Comparison of fecal pyruvate kinase isoform M2 and calprotectin in acute diarrhea in hospitalized children

Elzbieta Czub 1, Jan K Nowak 2, Jerzy Moczko 3, Aleksandra Lisowska 2, Aleksandra Banaszkiewicz 4, Tomasz Banasiewicz 5, Jaroslaw Walkowiak 1,a
PMCID: PMC3998021  PMID: 24759699

Abstract

Fecal concentrations of pyruvate kinase isoform M2 (M2-PK) and calprotectin (FC) serve as biomarkers of inflammation of gastrointestinal mucosa. The value of M2-PK in discriminating between patients with viral and bacterial acute diarrhea (AD) is currently unknown. We analyzed M2-PK and FC concentrations in fifty hospitalized children with AD (29 of which were caused by rotavirus and 21 by Salmonella enteritidis) as well as 32 healthy subjects. There was no difference in the areas under the receiver operating characteristic curves plotted for the two tests in differentiating rotaviral from bacterial AD. The sensitivity and specificity of M2-PK at optimal cut-off (20 U/g) were 75.9% and 71.4%, respectively. M2-PK and FC had similar values in distinguishing between children with AD caused by rotavirus and Salmonella enteritidis. The performance of both tests in hospitalized patients did not meet the needs of everyday clinical practice. Moreover, no advantage of fecal tests over the measurement of CRP was documented.

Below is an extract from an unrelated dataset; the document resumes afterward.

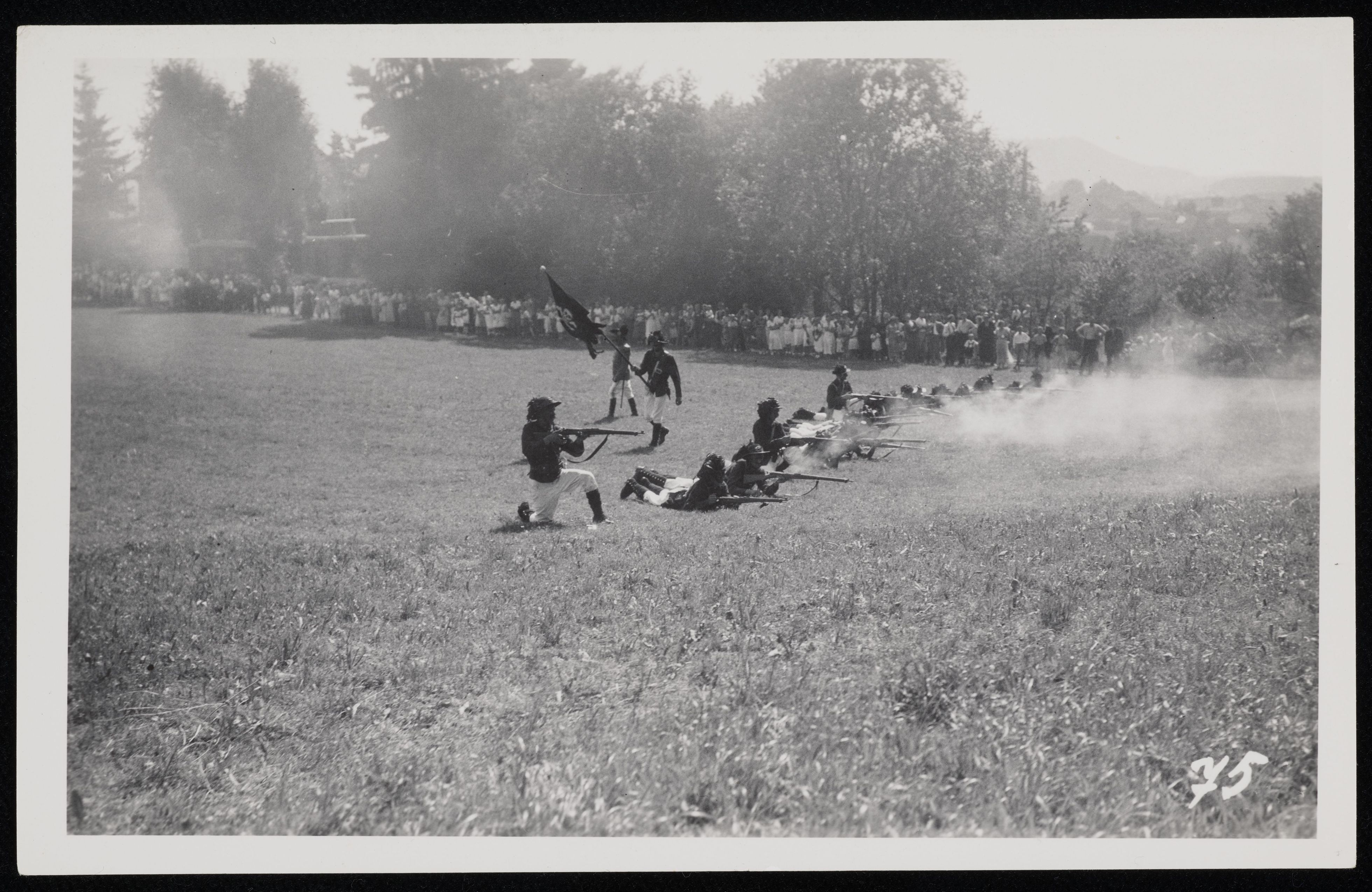 [Jugendliche spielen Freischarenmanöver nach]

Pyruvate kinase embryonic isoform M2 (M2-PK) is an enzyme responsible for phosphate group transfer in glycolysis1. It has been shown that M2-PK dimers and tetramers are present in proliferating cells in different tissues2. Because M2-PK is also present in leukocytes, it can be found in fecal masses that are formed while in contact with the inflamed mucosa of the gastrointestinal tract1. As M2-PK stability is high, its concentrations in stools can reflect gastrointestinal inflammation. Two main proposed uses of M2-PK in gastroenterology are the assessment of inflammatory bowel diseases (IBD) severity and cancer screening3. We described the potential of M2-PK as a biomarker of pediatric IBD activity4.

Calprotectin is a protein of the S100 family that represents over 40% of the proteins found in the neutrophils' cytosol. Calprotectin can halt bacterial growth, playing an important role in non-specific immune reactions5. Concentrations of fecal calprotectin (FC) have been measured in patients with IBD, and it was shown that they may serve a role in disease activity assessment6 and relapse prediction7. The most recent findings on this topic are summarized in a recent review by Henderson et al.8.

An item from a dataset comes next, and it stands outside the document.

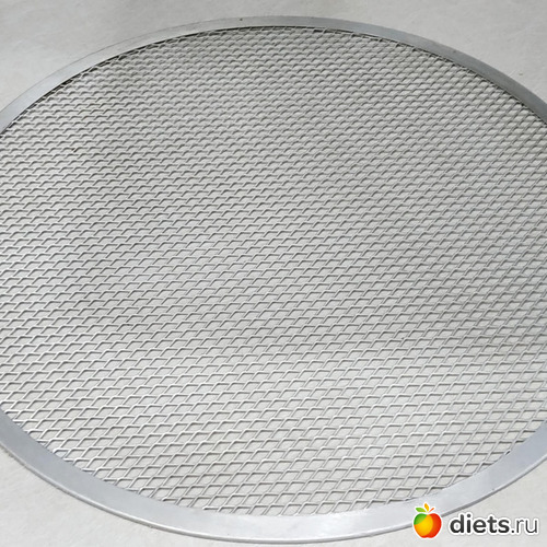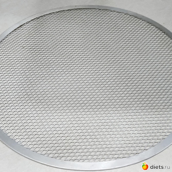Пицца у меня выпекалась на основе сетке. Диаметр сетки 36 см.

In 2008 Shastri et al.9 analyzed FC levels in 2383 samples provided by adult patients with acute diarrhea (AD). They observed that FC had a specificity and sensitivity of 83% and 87%, respectively, in identifying patients with positive stool cultures. In 2010, Sýkora et al. investigated FC levels in 66 children with acute gastroenteritis and in 41 healthy controls10. Sensitivity and specificity of FC in identifying patients with bacterial cause of gastroenteritis among all enrolled subjects were 93% and 88%, respectively, at a cut-off level of 103.9 μg/g.

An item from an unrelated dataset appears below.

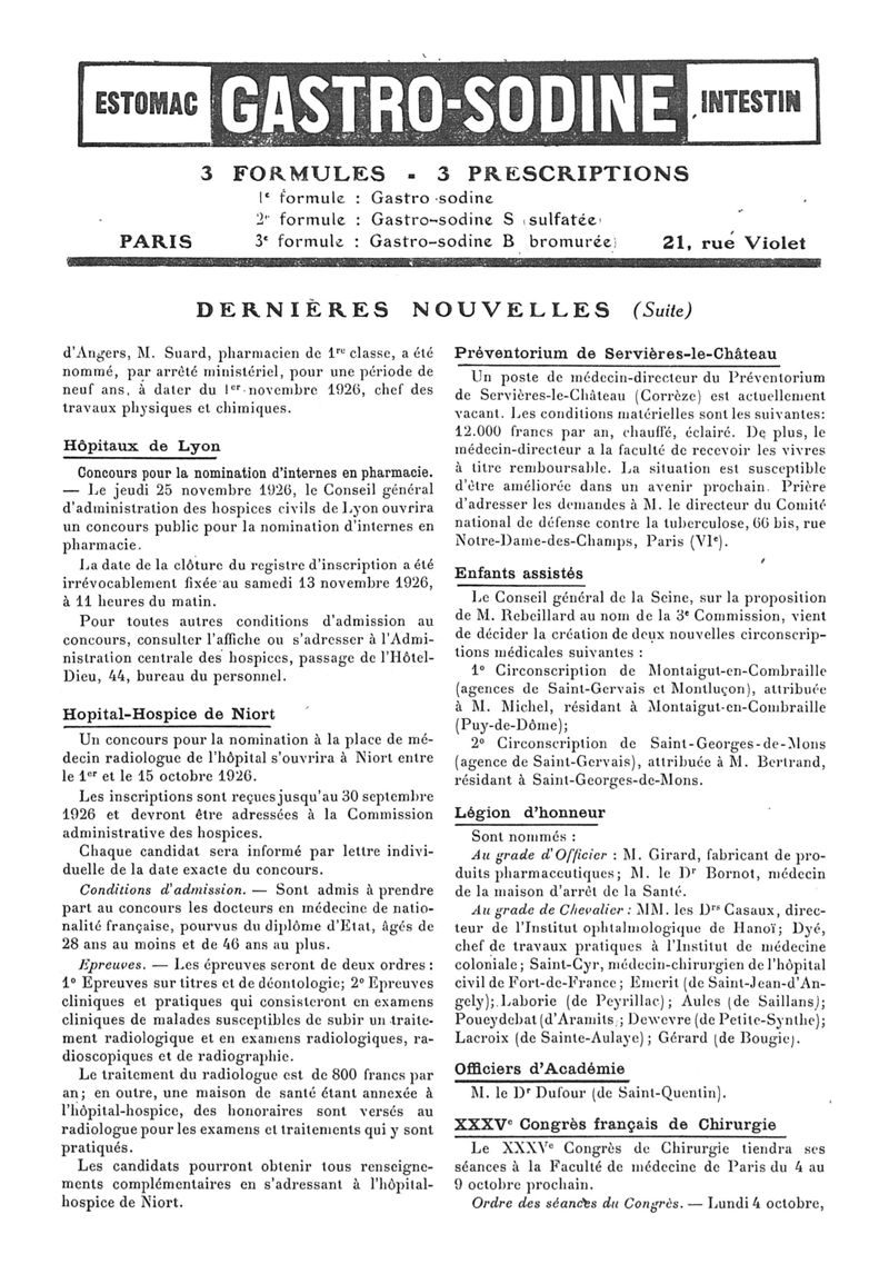 1926, n° 62, partie paramédicale. -

So far, the three groups have compared the diagnostic value of M2-PK and FC in IBD11,12,13. However, to date, no studies have been published on the potential of M2-PK and FC in the differential diagnosis of the etiology of AD. The aim of this study was to address this problem by comparing M2-PK and FC in children with AD caused by rotavirus (AD-RV) and Salmonella enteritidis (AD-SE).

Results

M2-PK and FC median concentrations in patients with AD-RV and AD-SE were significantly higher than in HS (p < 0.0001 for all four comparisons; Table 1). The AUC for ROC describing the performance of M2-PK and FC in discriminating between patients with AD-RV and HS were 0.93 (95% CI 0.87–0.99, p < 0.0001) and 0.89 (0.81–0.97, p < 0.0001), respectively.

Table 1. Pyruvate kinase embryonic isoform M2 (M2-PK) and calprotectin (FC) fecal concentrations in patients with acute diarrhea (AD) caused by infection with rotavirus (AD-RV) and Salmonella enteritidis (AD-SE), and in healthy subjects (HS). The data are presented as median [interquartile range].

  M2-PK, U/g FC, μg/mL
AD-RV 8.7 [2.8–18.8] 20.0 [4.0–40.0]
AD-SE 22.3 [16.3–113.0] 55.0 [22.0–62.5]
HS *BDL [BDL–1.4] 4.2 [2.3–3.7]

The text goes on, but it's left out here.